TASK: Would you retype exactly the lines below, starting with the one that has "These two moments" and going on through the one that has "浙江省七彩阳光新高考研究联盟2024届高三上学期返校联考化学答案", with no pictures and nothing else?

SOURCE INFORMATION:
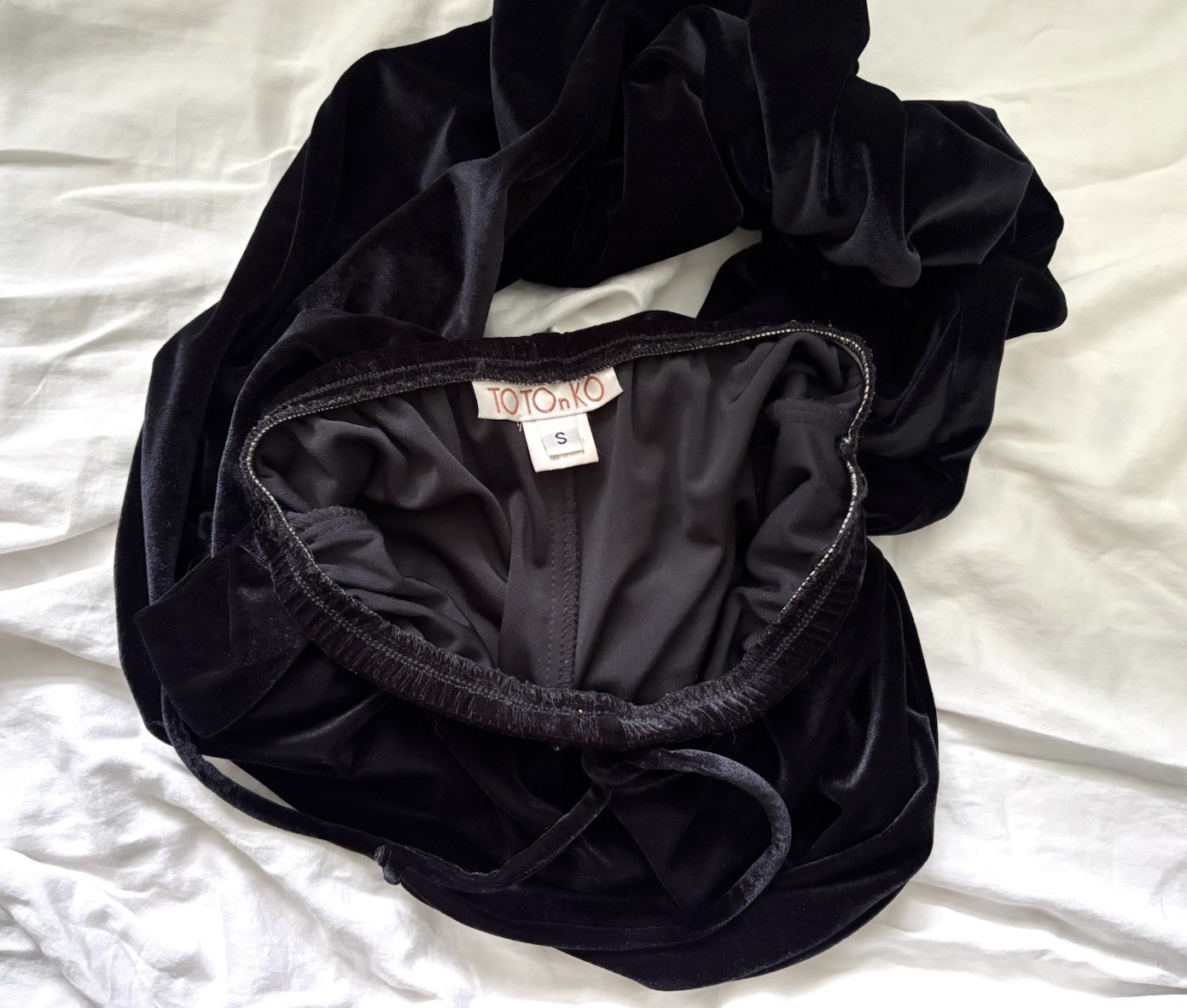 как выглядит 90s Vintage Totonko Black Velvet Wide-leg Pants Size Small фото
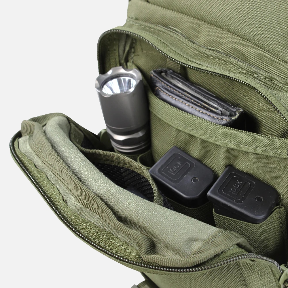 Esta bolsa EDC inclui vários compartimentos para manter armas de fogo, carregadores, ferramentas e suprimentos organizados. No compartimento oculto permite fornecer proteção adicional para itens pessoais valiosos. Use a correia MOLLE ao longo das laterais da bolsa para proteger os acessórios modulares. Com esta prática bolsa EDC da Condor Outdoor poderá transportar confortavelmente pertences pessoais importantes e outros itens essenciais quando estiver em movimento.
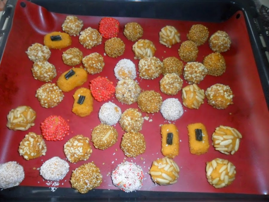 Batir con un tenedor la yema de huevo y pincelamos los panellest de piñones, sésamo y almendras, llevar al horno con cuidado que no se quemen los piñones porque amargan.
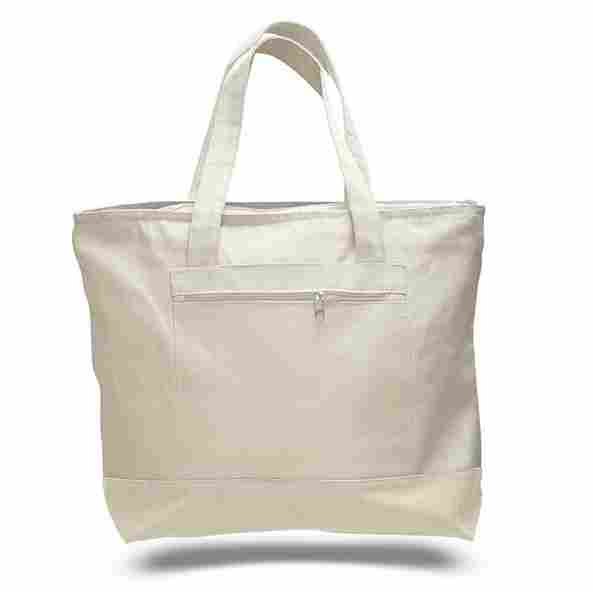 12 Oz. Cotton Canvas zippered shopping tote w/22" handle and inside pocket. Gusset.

==

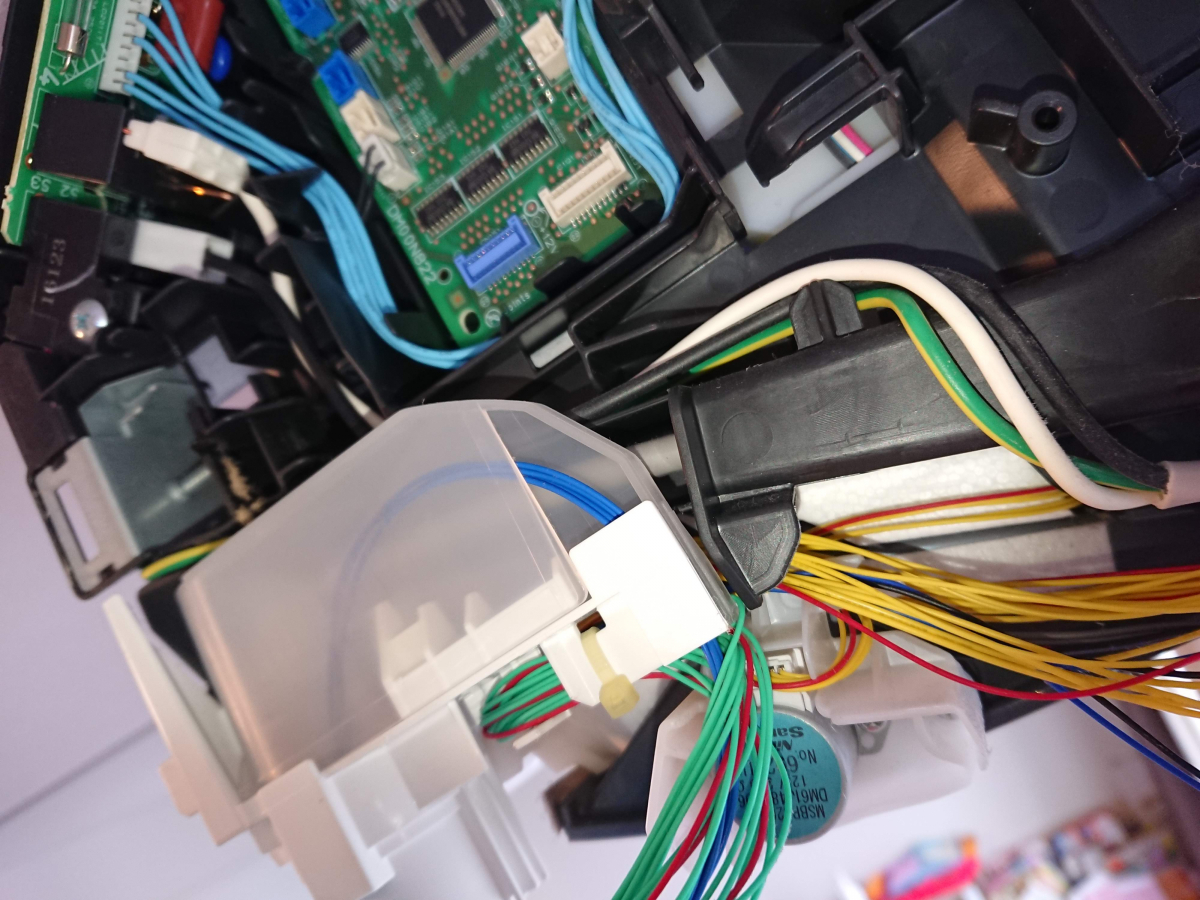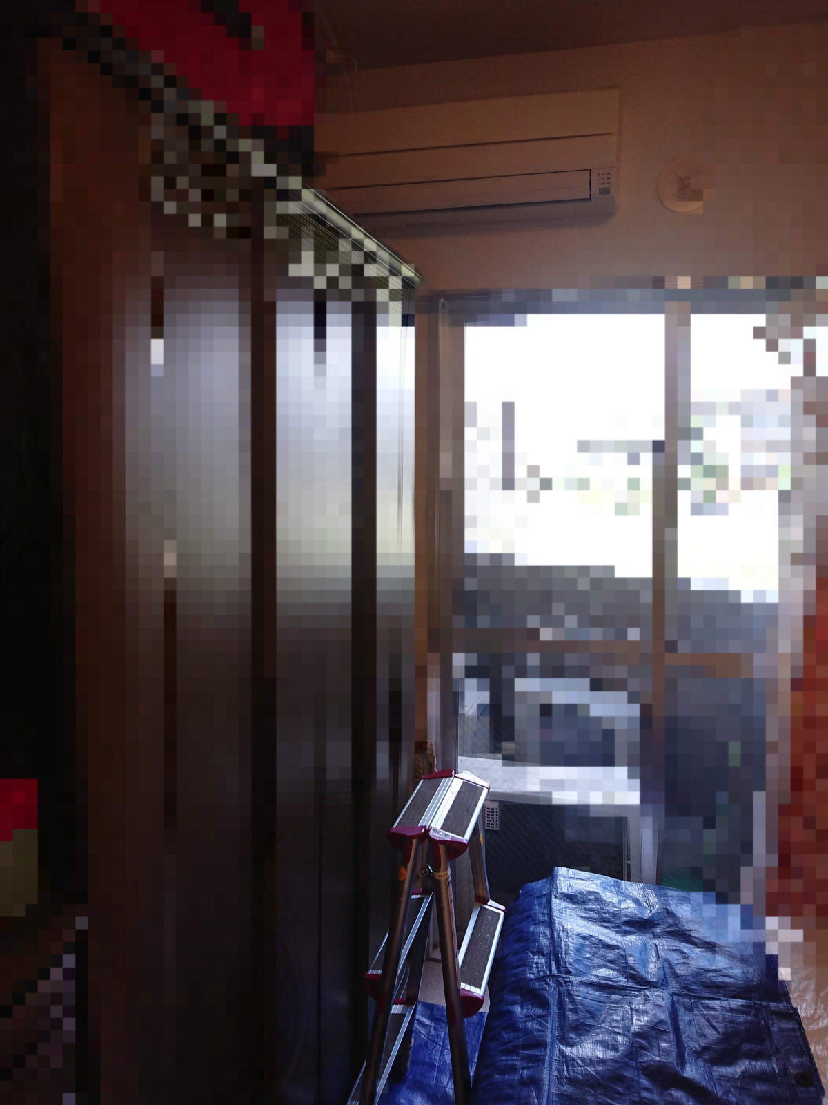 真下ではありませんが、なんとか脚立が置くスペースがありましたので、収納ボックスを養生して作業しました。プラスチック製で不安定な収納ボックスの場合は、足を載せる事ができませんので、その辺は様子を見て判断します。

==

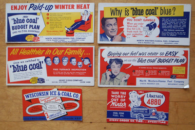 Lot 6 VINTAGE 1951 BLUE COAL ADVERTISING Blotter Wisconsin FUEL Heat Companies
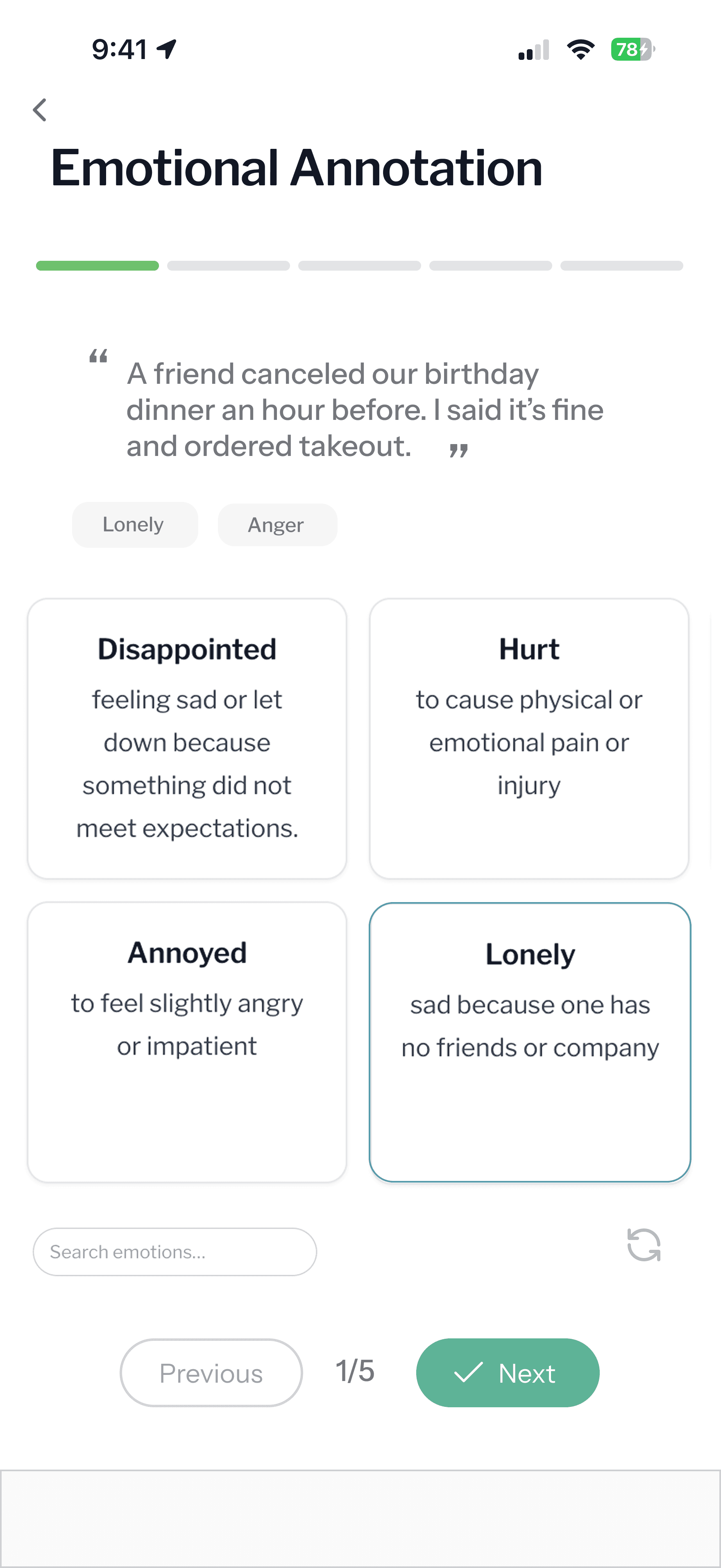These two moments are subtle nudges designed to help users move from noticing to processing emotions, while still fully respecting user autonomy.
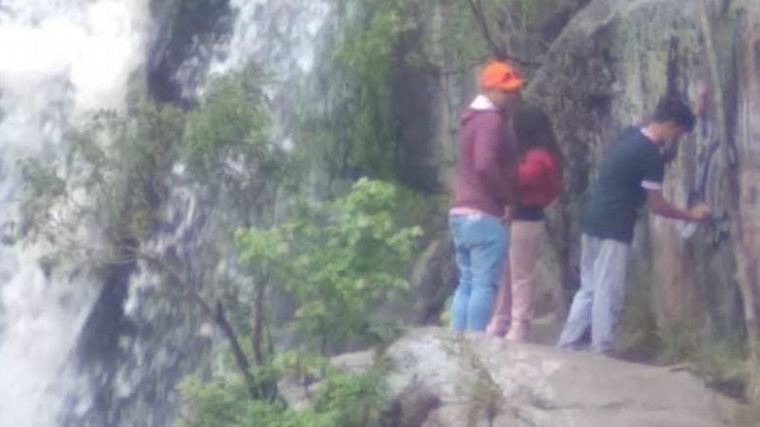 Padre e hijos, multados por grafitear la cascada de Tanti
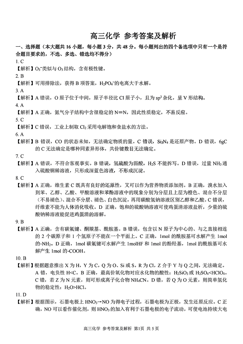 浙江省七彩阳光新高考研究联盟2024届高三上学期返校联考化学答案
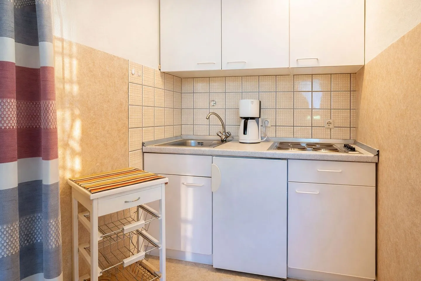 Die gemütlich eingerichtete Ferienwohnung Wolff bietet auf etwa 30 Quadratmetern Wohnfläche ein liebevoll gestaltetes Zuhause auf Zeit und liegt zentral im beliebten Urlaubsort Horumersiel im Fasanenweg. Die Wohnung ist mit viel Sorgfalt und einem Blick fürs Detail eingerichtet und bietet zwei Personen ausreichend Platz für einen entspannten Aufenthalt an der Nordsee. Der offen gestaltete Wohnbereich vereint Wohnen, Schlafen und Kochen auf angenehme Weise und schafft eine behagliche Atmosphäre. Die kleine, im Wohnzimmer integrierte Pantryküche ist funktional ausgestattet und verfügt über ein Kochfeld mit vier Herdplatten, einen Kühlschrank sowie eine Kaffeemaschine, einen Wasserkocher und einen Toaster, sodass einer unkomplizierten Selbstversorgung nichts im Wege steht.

WRITTEN RESPONSE:
These two moments are subtle nudges designed to help users move from noticing to processing emotions, while still fully respecting user autonomy.
 Padre e hijos, multados por grafitear la cascada de Tanti
 浙江省七彩阳光新高考研究联盟2024届高三上学期返校联考化学答案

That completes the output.